Task instructions: A faithful copy of every entry, with the pictures removed, is what is needed here.
══ Data supplied
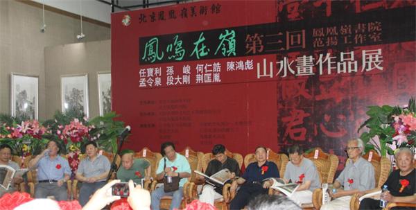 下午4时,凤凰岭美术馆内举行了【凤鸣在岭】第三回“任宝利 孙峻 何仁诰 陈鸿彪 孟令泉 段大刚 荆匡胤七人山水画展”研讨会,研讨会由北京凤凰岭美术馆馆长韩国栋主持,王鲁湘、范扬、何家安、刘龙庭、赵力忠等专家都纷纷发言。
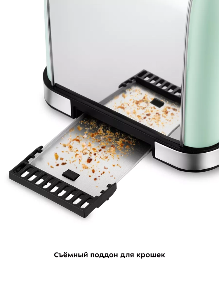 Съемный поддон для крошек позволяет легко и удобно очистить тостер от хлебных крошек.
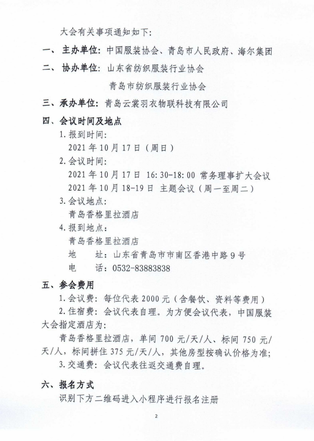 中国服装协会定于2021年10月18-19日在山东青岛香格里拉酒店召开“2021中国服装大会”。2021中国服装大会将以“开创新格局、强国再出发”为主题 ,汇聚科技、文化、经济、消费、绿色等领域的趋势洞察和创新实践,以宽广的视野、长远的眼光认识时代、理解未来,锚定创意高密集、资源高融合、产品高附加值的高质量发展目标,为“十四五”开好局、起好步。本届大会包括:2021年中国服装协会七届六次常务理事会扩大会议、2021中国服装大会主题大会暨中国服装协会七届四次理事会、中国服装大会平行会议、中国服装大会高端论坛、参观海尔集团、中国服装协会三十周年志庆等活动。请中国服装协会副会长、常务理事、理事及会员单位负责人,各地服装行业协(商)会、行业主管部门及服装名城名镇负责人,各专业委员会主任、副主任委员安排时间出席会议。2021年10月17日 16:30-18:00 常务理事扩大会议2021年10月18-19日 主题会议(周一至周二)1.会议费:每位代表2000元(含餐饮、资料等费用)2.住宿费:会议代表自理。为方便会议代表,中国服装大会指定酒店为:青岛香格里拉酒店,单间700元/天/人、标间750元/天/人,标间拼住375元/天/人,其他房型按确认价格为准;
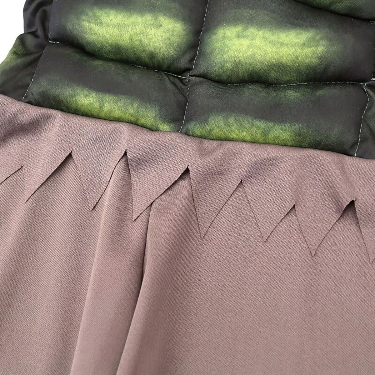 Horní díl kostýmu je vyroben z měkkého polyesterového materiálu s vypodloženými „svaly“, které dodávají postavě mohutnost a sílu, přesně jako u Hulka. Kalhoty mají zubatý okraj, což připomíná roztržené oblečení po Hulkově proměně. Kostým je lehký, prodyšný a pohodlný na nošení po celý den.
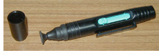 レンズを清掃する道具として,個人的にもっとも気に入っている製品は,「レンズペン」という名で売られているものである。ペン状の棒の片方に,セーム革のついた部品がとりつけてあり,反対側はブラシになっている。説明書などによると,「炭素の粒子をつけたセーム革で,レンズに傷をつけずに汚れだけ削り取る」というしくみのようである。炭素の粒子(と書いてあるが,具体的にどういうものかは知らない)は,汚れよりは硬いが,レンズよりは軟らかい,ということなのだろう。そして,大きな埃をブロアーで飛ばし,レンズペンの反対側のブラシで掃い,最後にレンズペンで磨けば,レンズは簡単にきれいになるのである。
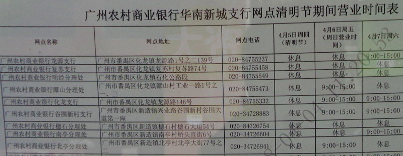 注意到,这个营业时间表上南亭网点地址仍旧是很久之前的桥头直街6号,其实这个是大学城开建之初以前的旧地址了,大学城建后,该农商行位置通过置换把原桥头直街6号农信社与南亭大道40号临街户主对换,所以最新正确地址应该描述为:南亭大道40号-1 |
════
Task output:
 下午4时,凤凰岭美术馆内举行了【凤鸣在岭】第三回“任宝利 孙峻 何仁诰 陈鸿彪 孟令泉 段大刚 荆匡胤七人山水画展”研讨会,研讨会由北京凤凰岭美术馆馆长韩国栋主持,王鲁湘、范扬、何家安、刘龙庭、赵力忠等专家都纷纷发言。
 Съемный поддон для крошек позволяет легко и удобно очистить тостер от хлебных крошек.
 中国服装协会定于2021年10月18-19日在山东青岛香格里拉酒店召开“2021中国服装大会”。2021中国服装大会将以“开创新格局、强国再出发”为主题 ,汇聚科技、文化、经济、消费、绿色等领域的趋势洞察和创新实践,以宽广的视野、长远的眼光认识时代、理解未来,锚定创意高密集、资源高融合、产品高附加值的高质量发展目标,为“十四五”开好局、起好步。本届大会包括:2021年中国服装协会七届六次常务理事会扩大会议、2021中国服装大会主题大会暨中国服装协会七届四次理事会、中国服装大会平行会议、中国服装大会高端论坛、参观海尔集团、中国服装协会三十周年志庆等活动。请中国服装协会副会长、常务理事、理事及会员单位负责人,各地服装行业协(商)会、行业主管部门及服装名城名镇负责人,各专业委员会主任、副主任委员安排时间出席会议。2021年10月17日 16:30-18:00 常务理事扩大会议2021年10月18-19日 主题会议(周一至周二)1.会议费:每位代表2000元(含餐饮、资料等费用)2.住宿费:会议代表自理。为方便会议代表,中国服装大会指定酒店为:青岛香格里拉酒店,单间700元/天/人、标间750元/天/人,标间拼住375元/天/人,其他房型按确认价格为准;
 Horní díl kostýmu je vyroben z měkkého polyesterového materiálu s vypodloženými „svaly“, které dodávají postavě mohutnost a sílu, přesně jako u Hulka. Kalhoty mají zubatý okraj, což připomíná roztržené oblečení po Hulkově proměně. Kostým je lehký, prodyšný a pohodlný na nošení po celý den.
 レンズを清掃する道具として,個人的にもっとも気に入っている製品は,「レンズペン」という名で売られているものである。ペン状の棒の片方に,セーム革のついた部品がとりつけてあり,反対側はブラシになっている。説明書などによると,「炭素の粒子をつけたセーム革で,レンズに傷をつけずに汚れだけ削り取る」というしくみのようである。炭素の粒子(と書いてあるが,具体的にどういうものかは知らない)は,汚れよりは硬いが,レンズよりは軟らかい,ということなのだろう。そして,大きな埃をブロアーで飛ばし,レンズペンの反対側のブラシで掃い,最後にレンズペンで磨けば,レンズは簡単にきれいになるのである。
 注意到,这个营业时间表上南亭网点地址仍旧是很久之前的桥头直街6号,其实这个是大学城开建之初以前的旧地址了,大学城建后,该农商行位置通过置换把原桥头直街6号农信社与南亭大道40号临街户主对换,所以最新正确地址应该描述为:南亭大道40号-1 |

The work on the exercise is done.